Embodiment Three: Smart Placement of Workloads onto Tiles

According to some embodiments, as part of tile recomposition, for example per operation 310 of FIG. 3, or after tile recomposition, a WL may be deployed onto CRs of a server architecture based on smart placement policies that may be thermal aware and/or power aware with respect to a thermal status and/or power status, respectively, of the tiles.

Although the third embodiment as described herein may focus on thermal and/or power aware WL placement, the third embodiment is not so limited, and pertains to smart placement based on any dynamic CR information, including at least one of the following statuses: power, temperature, humidity, fan speed, execution time (e.g., per WL), memory access response time (e.g., time from sending instruction to fetch data from a memory, and reception of the data), workload deployment response time (e.g., time from sending instruction to CRs to deploy a WL, and WL deployment), wear-and-tear, or battery life of MTP if applicable, etc.

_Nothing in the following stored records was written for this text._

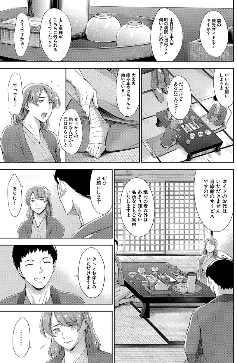 | あらすじ | ごめんなさい、あなた… 二度とあの人を裏切らない…そう誓ったばかりなのに… 『おんせんやど』 新婚の桐香は夫と温泉旅行に来ていた。 しかし旅館に到着する間際に夫は怪我をしてしまい、夜の相手もできずにいた。 桐香が一人女湯に浸かっていると、そこへ宿の若旦那が入ってきて…。 混乱する桐香だったが、強引な彼に流されるままセックスしてしまう…! 『Do you like lap dance?』 少年時代、兄の恋人・アンジーの裸が見たくてストリップ小屋へ忍び込んだダニーは、セキュリティに見つかってつまみ出されてしまう。 あれから10年――成長したダニーと、結婚してストリッパーを引退したアンジーは再会するのだが! ? |
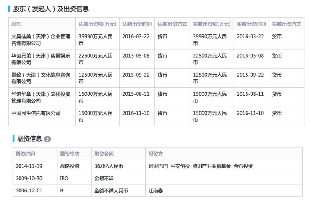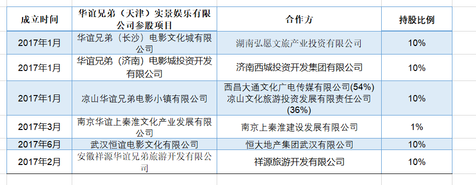 目前,华谊兄弟旗下的子公司以及联营企业中,涉及实景娱乐产业的有十余家,包括最早于2011年成立的华谊兄弟(天津)实景娱乐有限公司(下称天津实景娱乐公司)和华谊影城(苏州)有限公司(下称苏州华谊影城),以及2012年成立的海南观澜湖华谊冯小刚文化旅游实业有限公司(下称海南观澜湖旅游公司)。其中,天津实景娱乐公司是华谊兄弟集团内负责实景娱乐板块的主体公司,华谊兄弟持有其54%的股权。海南和苏州的两家公司,则是负责当地项目运营的项目公司。
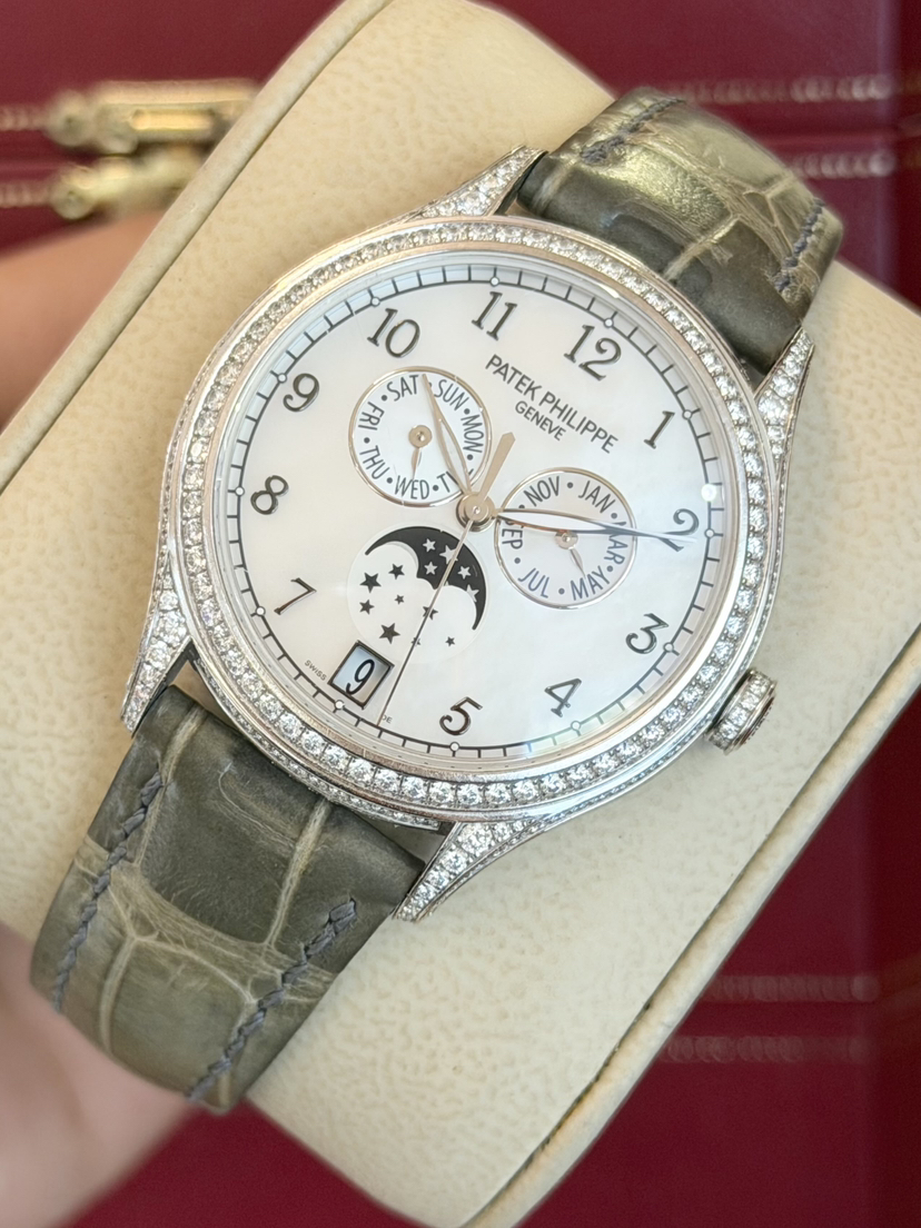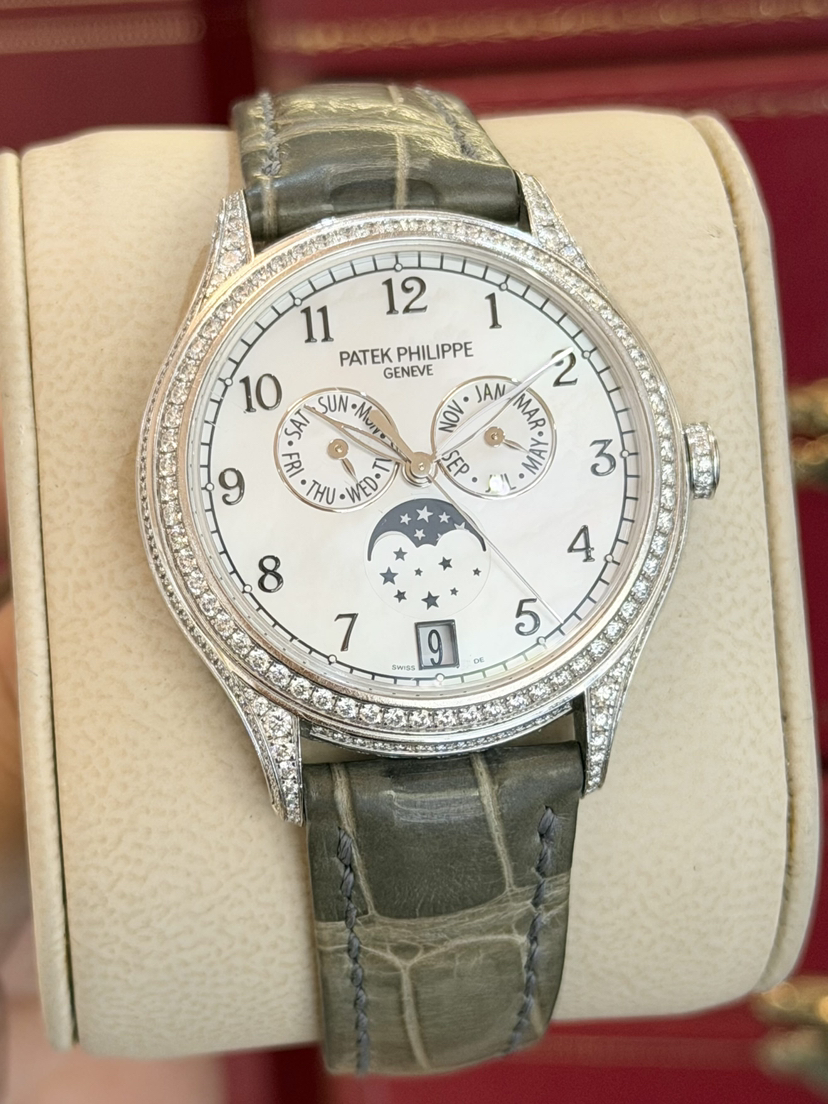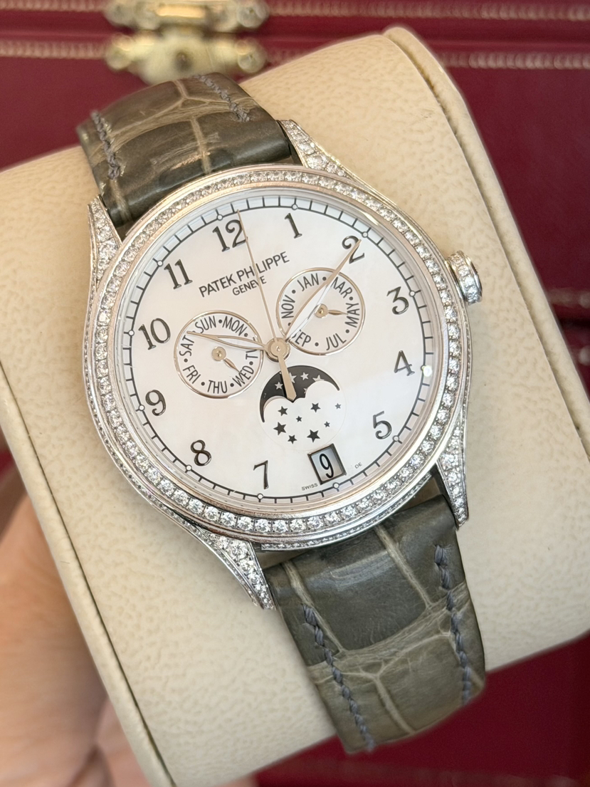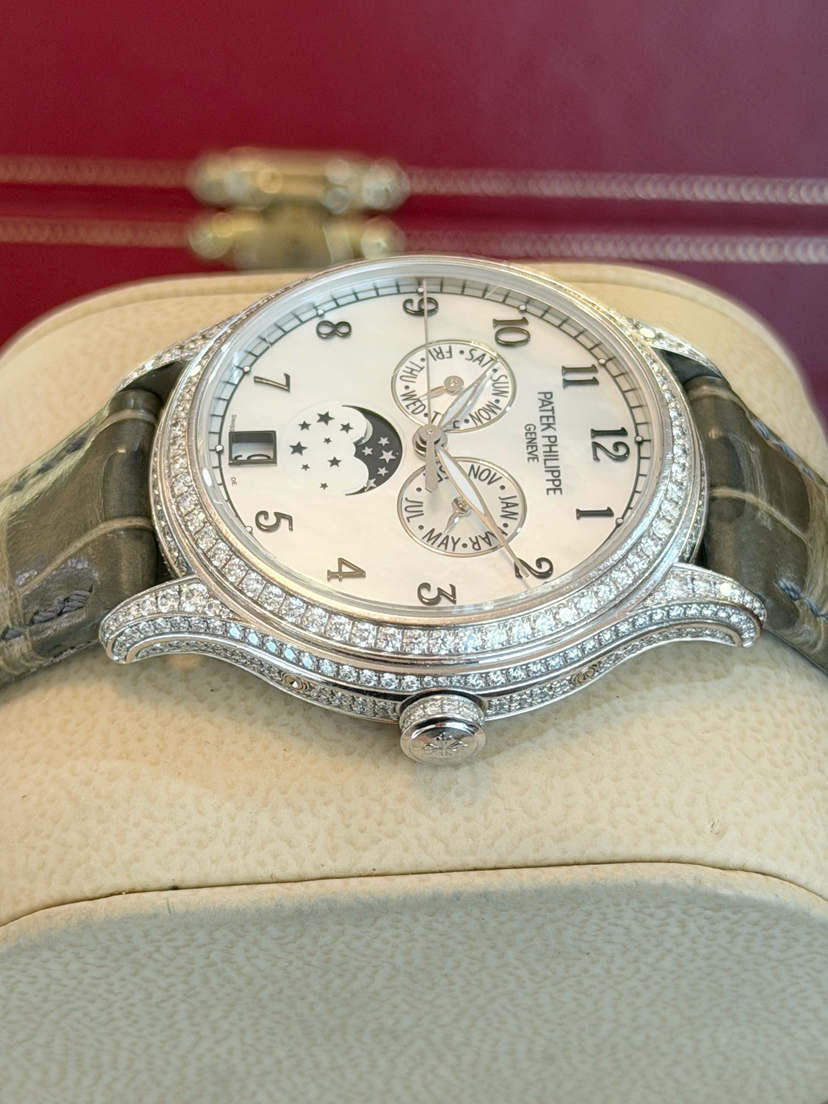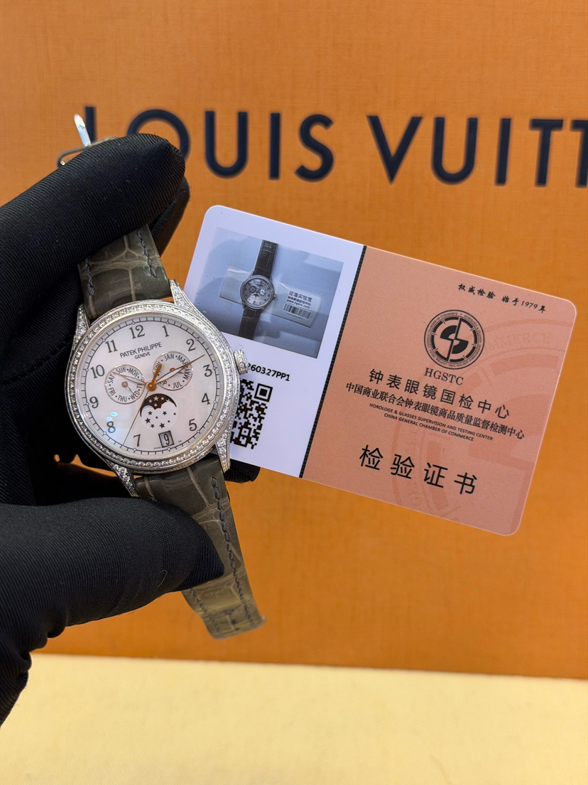 4948G-010女士自动机械腕表 表径38毫米 白色贝壳表盘 带国检卡 数字刻度/日期/星期/月份/月相等功能显示 18K白金表壳 原镶钻石 76字头 24年单表 原价864300 店内现货好价

According to some embodiments, the service owner of the computing environment, or the service provider, may further used to steer tile recomposition in the context of preferences regarding dynamic CR information. In addition to a service owner's criteria for mapping a WL to CRs, a resource owner's criteria and perspective may also come into play. A resource owner's criteria may include, for example, operation of the CRs in an efficient manner, for example based on the intent taxonomy set forth in FIG. 1 and described above. For example, a resource owner might suggest running the system in certain thermal ranges, so that the cooling loop/systems run most efficiently. An efficient running of CRs may be implemented not only on a per computing node level, but furthermore in multi-socket systems, in which liquid cooling may be looping over two CPUs, in which case the first socket might at a different temperature than the second socket by virtue of cooling inefficiencies and wear-and-tear reasons. Furthermore, wear-and-tear plays a role in which the resource owner might decide to run the system in a certain way for durability purposes.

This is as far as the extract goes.